The final fully connected layer has two outputs, one for each class in the response variable. The number of layer outputs corresponds to the first dimension of the layer weights and layer biases.

size(Mdl.LayerWeights{end})

ans = 1×2

     2    20

size(Mdl.LayerBiases{end})

ans = 1×2

     2     1

To estimate the performance of the trained classifier, compute the test set classification error for Mdl.

testError = loss(Mdl,XTest,YTest, ...
    "LossFun","classiferror")

testError = 
0.0774

accuracy = 1 - testError

accuracy = 
0.9226

Mdl accurately classifies approximately 92% of the observations in the test set.

Specify Neural Network Classifier Architecture

Since R2025a

This example uses:

Specify a custom neural network architecture using Deep Learning Toolbox™.

load ionosphere

rng("default") % For reproducibility of the partition
cvp = cvpartition(Y,Holdout=0.3);
XTrain = X(training(cvp),:);
YTrain = Y(training(cvp));
XTest = X(test(cvp),:);
YTest = Y(test(cvp));

Define a neural network architecture with these characteristics:

A feature input layer with an input size that matches the number of predictors.
Three fully connected layers followed by leaky ReLU layers, connected in series, where the fully connected layers have output sizes of 16, and addition layers after the second and third fully connected layers.
Skip connections around the second and third fully connected layers using the addition layers.
A final fully connected layer with an output size that matches the number of classes followed by a softmax layer.

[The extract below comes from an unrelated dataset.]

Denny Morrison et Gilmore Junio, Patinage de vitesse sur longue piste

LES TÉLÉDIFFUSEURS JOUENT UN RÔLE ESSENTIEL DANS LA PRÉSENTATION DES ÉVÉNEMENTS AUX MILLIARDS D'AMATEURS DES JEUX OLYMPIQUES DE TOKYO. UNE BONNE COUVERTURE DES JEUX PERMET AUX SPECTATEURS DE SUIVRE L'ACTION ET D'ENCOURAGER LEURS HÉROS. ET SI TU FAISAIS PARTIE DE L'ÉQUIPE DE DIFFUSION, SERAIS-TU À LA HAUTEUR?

inputSize = size(XTrain,2);
outputSize = numel(unique(YTrain));

net = dlnetwork;

layers = [
    featureInputLayer(inputSize)
    fullyConnectedLayer(30)
    leakyReluLayer(Name="lrelu1")

    fullyConnectedLayer(30)

    additionLayer(2,Name="add2")
    leakyReluLayer(Name="lrelu2")

    fullyConnectedLayer(30)
    additionLayer(2,Name="add3")
    leakyReluLayer

    fullyConnectedLayer(outputSize)
    softmaxLayer];

net = addLayers(net,layers);
net = connectLayers(net,"lrelu1","add2/in2");
net = connectLayers(net,"lrelu2","add3/in2");

Visualize the neural network architecture in a plot.

figure
plot(net)

Figure contains an axes object. The axes object contains an object of type graphplot.

Train a neural network classifier.

Mdl = fitcnet(XTrain,YTrain,Network=net,Standardize=true)

Mdl = 
  ClassificationNeuralNetwork
             ResponseName: 'Y'
    CategoricalPredictors: []
               ClassNames: {'b'  'g'}
           ScoreTransform: 'none'
          NumObservations: 246
               LayerSizes: []
              Activations: ''
    OutputLayerActivation: ''
                   Solver: 'LBFGS'
          ConvergenceInfo: [1×1 struct]
          TrainingHistory: [30×7 table]

  View network information using dlnetwork.


  Properties, Methods

To estimate the performance of the trained classifier, compute the test set classification error.

testError = loss(Mdl,XTest,YTest, ...
    LossFun="classiferror")

testError = 
0.0774

Stop Neural Network Training Early Using Validation Data

At each iteration of the training process, compute the validation loss of the neural network. Stop the training process early if the validation loss reaches a reasonable minimum.

Load the patients data set. Create a table from the data set. Each row corresponds to one patient, and each column corresponds to a diagnostic variable. Use the Smoker variable as the response variable, and the rest of the variables as predictors.

load patients
tbl = table(Diastolic,Systolic,Gender,Height,Weight,Age,Smoker);

Separate the data into a training set tblTrain and a validation set tblValidation by using a stratified holdout partition. The software reserves approximately 30% of the observations for the validation data set and uses the rest of the observations for the training data set.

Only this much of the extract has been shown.